The signing of the initial entry by the INode 200 (e.g., using a
cryptographic key) allows only the INode 200 to create and/or
approve a genesis block within a new network participant's
node-specificspecific blockchain. In some instances the unique
identifier may be assigned or provided as part of the node's
participation in a blockchain transaction.

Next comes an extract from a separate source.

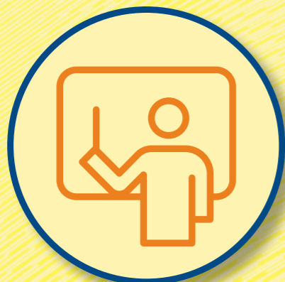
Voluntat i, per tant, vulgui deixar-se acompanyar i rebre pautes o formació, per part de les professionals del projecte JOVES FUTUR+.

[0044] User Profile Component 512 receives input from a network
participant (or an authorized representative of the network
participant) regarding the appearance and content of a profile that
may be searchable and viewable by peer network participants also
registered to transact within blockchain networking environment
100. User Profile Component 512 may generate and/or make available
for display, alone or in coordination with other resources within
blockchain networking environment 100 (e.g., a server supporting
INode 200), a digital profile that is searchable and/or viewable by
peer network participants within the blockchain networking
environment 100 (e.g., by searching a blockchain network
participant database from an interface displayed through a display
of a computing device hosting another UNode 500-1). User Profile
Component 512 may also receive input or feedback from a peer
networking participant in connection with the generated user
profile. Such input or feedback may be provided for display on the
network participant's user profile such that other peer networking
participants can observe the input or feedback when viewing the
network participants user profile. For example, input or feedback
from a peer networking participant may include a rating concerning
a prior transaction experience, a recommendation based on other
information, a review, etc.). User Profile Component 512 may
further monitor the network participant's activities (e.g.,
transactions) over the Network 400 (shown in FIG. 1), and generate,
store, and/or make available for display information relating to
such activities (e.g., transaction statistics, etc.).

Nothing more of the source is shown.